**Records drawn from a dataset**:
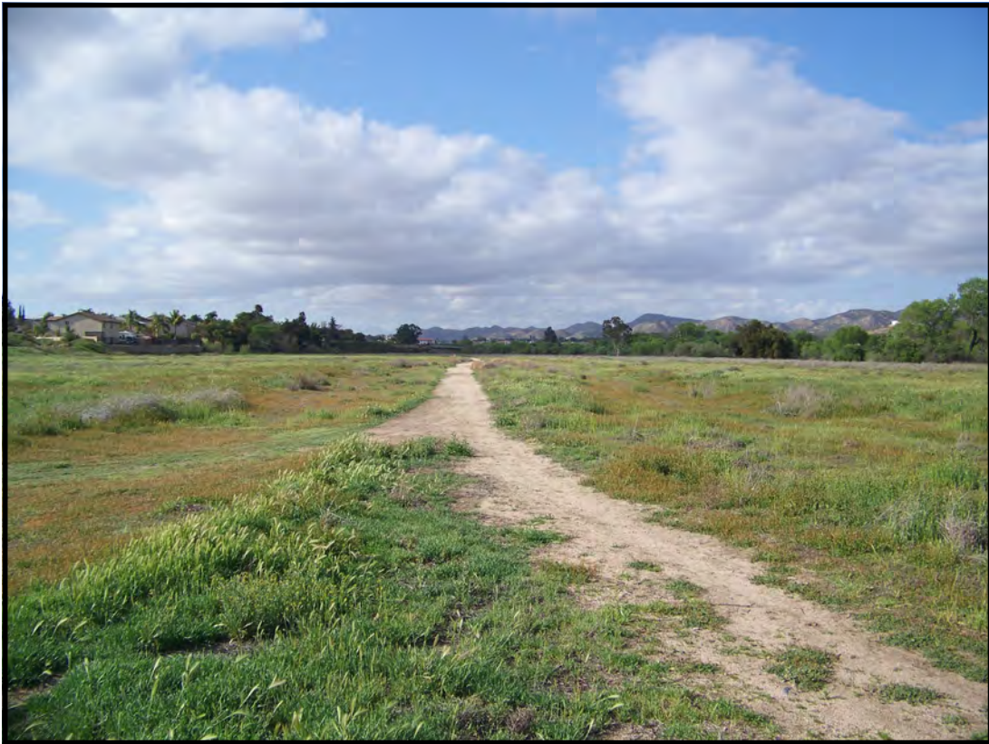
Remnant of the Thompson Airstrip looking north. Housing developments can be seen on both sides of the property. (Photo by Jeffery Harmon, March 12, 2016)

banded. However, local pilots continued to utilize the two Murrieta airstrips.
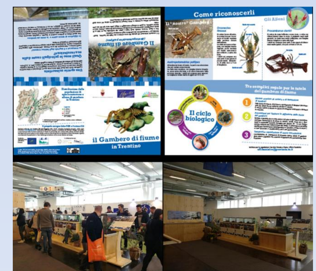
Fig. 5. Crayfish informative brochure and display at the exhibit «Expo Caccia, Pesca e Ambiente 2017, Riva del Garda (TN)» 25-26 March 2017.
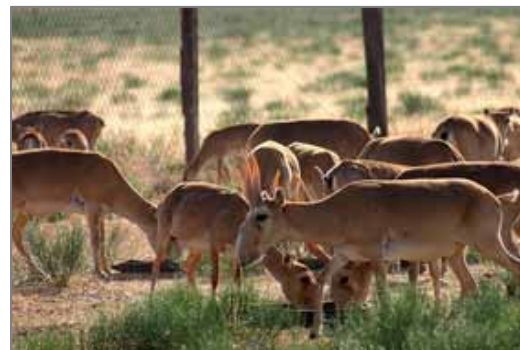
Saigas are fed mineral additives, vitamins and concentrates before birth in their enclosure.
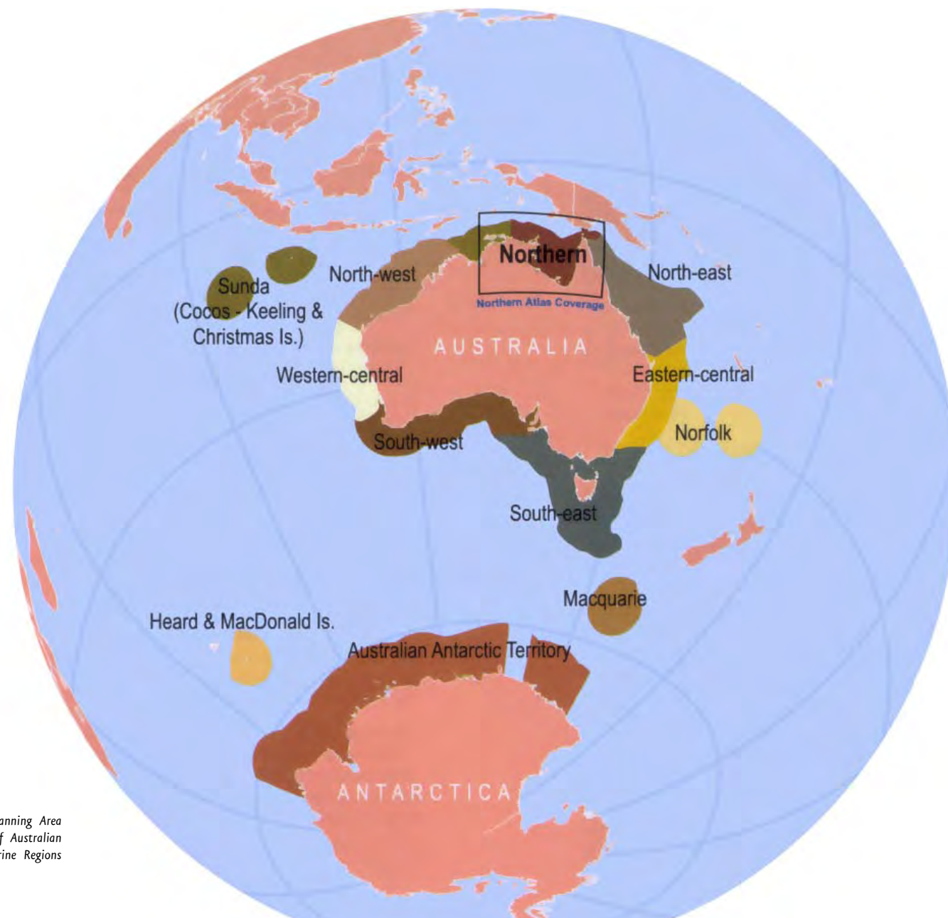
Figure 1: Northern Planning Area in the context of Australian Marine Regions

The Australian Marine Regions identified in Figure 1 have been based on large marine ecosystems within Australia's marine jurisdiction and do not specifically relate to jurisdictional or necessarily to regional marine planning boundaries.
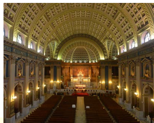
Our Lady of Sorrows Basilica
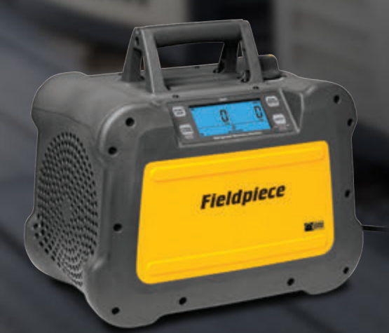
Recovery Machine MR45
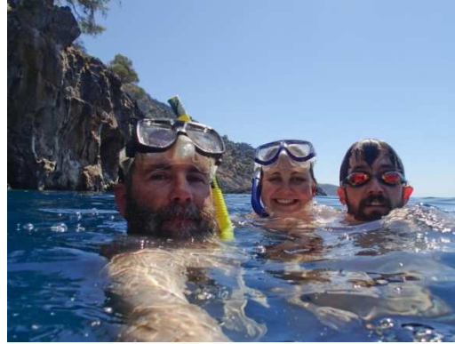
Enjoying the waters

The sailing holiday includes two weeks on a yacht as part of the Mariner Boating Turkey Yacht Rally from September 19 to October 5. If you win you will visit Fethiye, Gocek, Karacoeren, Kalkan, Kas, the Greek island of Kastelorrezo and Kekova before spending a night in a luxury hotel in Antalya. Culture, people, food, scenery, history and the action packed sailing and social program of the yacht rally will make this a truly amazing experience.
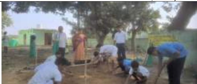
SANKHATARAS GOVT. HIGH SCHOOL.
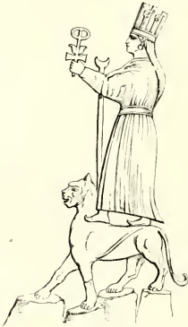
GODDESS ON A LIONESS From a rock-carving at Boghaz-Koi.

"Quid referam ut volitet crebras intacta per urbes Alba Palaestino sancta columba Syro?" 33
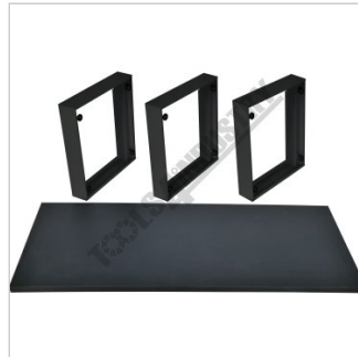
Optional Kick Board & Benchtop Kit
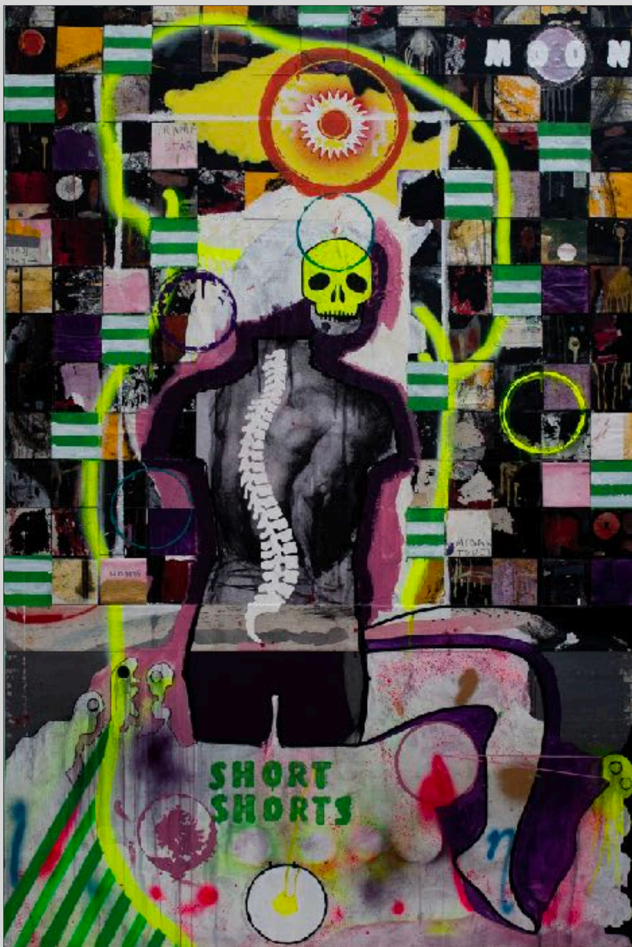
Selektor (Sun vs Moon), Acrylic, spray paint, oil stick, copic marker, charcoal and collage on canvas 200cm x 134cm. 2014 - 2023 $6800
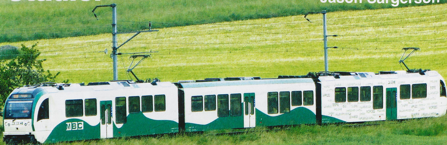
A MBC ABe 8/12 in the countryside near Yens. 04.06.16
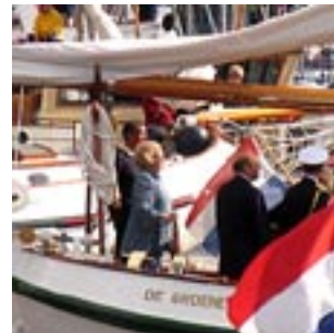
Real Queen at the helm.
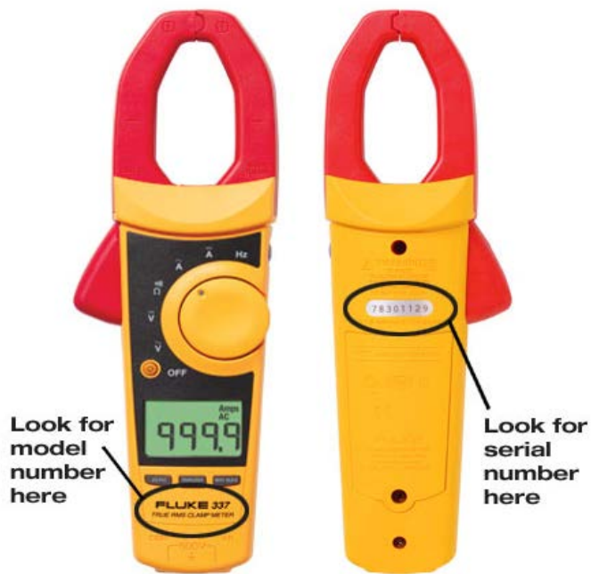
Figure 4 - 333, 334, 335, 336 and 337 Digital Clamp Meters

LL-2013-LLNL-04, March 5, 2013, LLNL-POST-624069
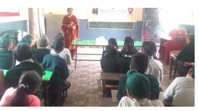
Under Nasha Mukt Bharat Abhiyaan campaign launched by MSJE, an awareness seminar on drug abuse was organised at Developing Daffodils International School of Excellence by IRCA, Gurdaspur, Punjab
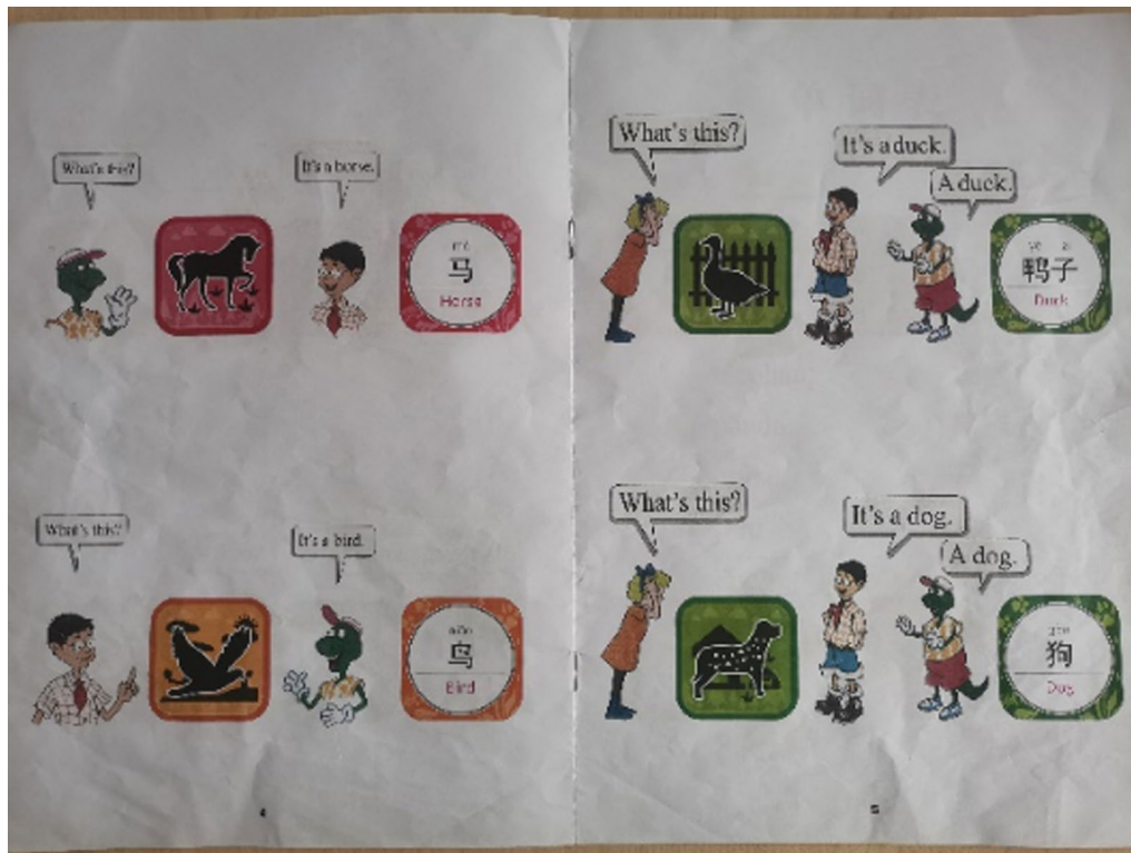
Fig. 2 Text material
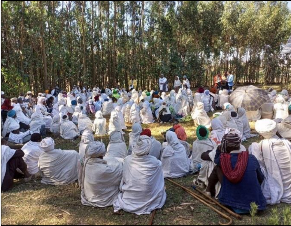
Public debate discussion at Dengolt kebele, in Estie Woreda, Mar 2023
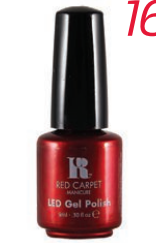
1 struts off with a Red Carpet Manicure Gel Polish Pro Kit and two polishes. $100
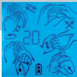
Compass™ Handwash LCD screen

The Compass™ dispenser provides reinforced training instructions for proper handwashing procedures. The LCD screen on each dispenser guides you through the 6-step process for washing hands as recommended by the Centers for Disease Control.
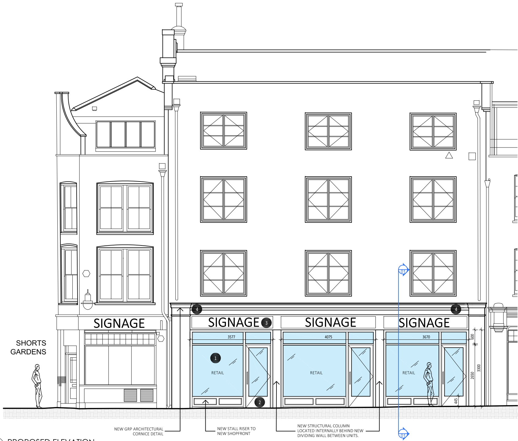
01 PROPOSED ELEVATION 1:100 @ A3
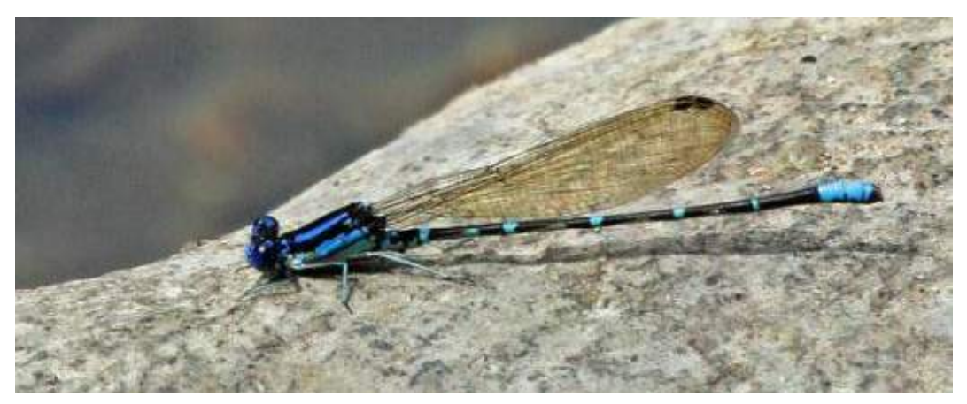
Blue-ringed Dancer damselfly
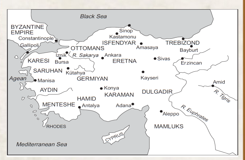
Figure 2. Powers in Anatolia

After a while, Venice sent Zeno to court of Uzun Hasan. He informed shah that Venice is ready to aid him to enterprise against Ottoman by sending 100 Galley.<sup>17</sup> Anyway, Uzun Hasan embraced zeno suggestions because he planned to capture Eastrn Anatolia. In 13 Rajab 875/1471, Venetian senate dispatched Josef barbaro to the Orient. In this circumstance, Venice played its equivocal policy which displayed perpetually and Aq Qoyunlu army stayed alone against Turks (Figure 2).<sup>18</sup>
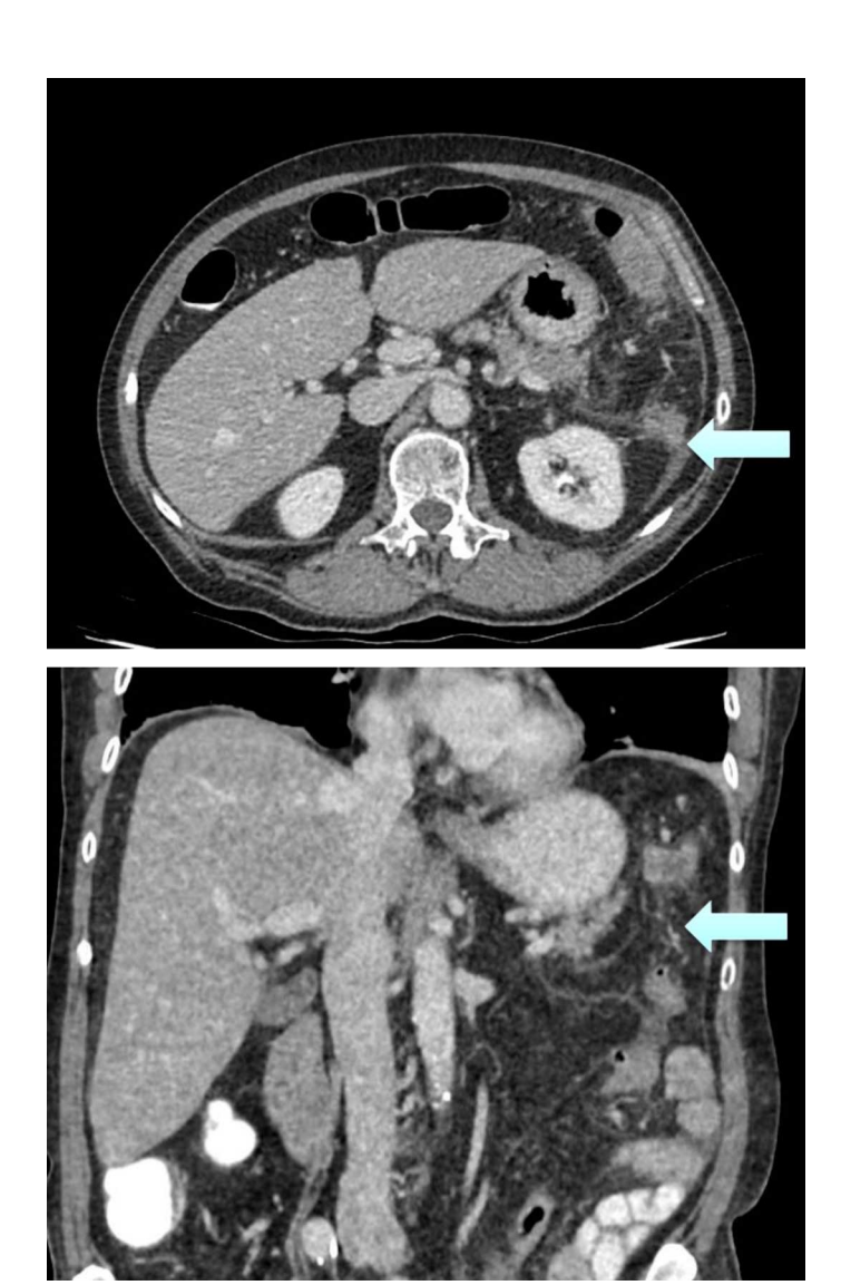
Fig 2 Computed tomographs of the abdomen (in axial and coronal views) showing fat stranding (increased density of fat, a sign of inflammatory process) and thickening (arrows) around the splenic flexure secondary to ischaemic colitis

**Exercise brief**: Using the data above, reproduce exactly the lines from the line that contains "Figure 2. Powers in Anatolia" through the line that contains "After a while, Venice", including both.

**Solved problem**:
Figure 2. Powers in Anatolia

After a while, Venice sent Zeno to court of Uzun Hasan. He informed shah that Venice is ready to aid him to enterprise against Ottoman by sending 100 Galley.<sup>17</sup> Anyway, Uzun Hasan embraced zeno suggestions because he planned to capture Eastrn Anatolia. In 13 Rajab 875/1471, Venetian senate dispatched Josef barbaro to the Orient. In this circumstance, Venice played its equivocal policy which displayed perpetually and Aq Qoyunlu army stayed alone against Turks (Figure 2).<sup>18</sup>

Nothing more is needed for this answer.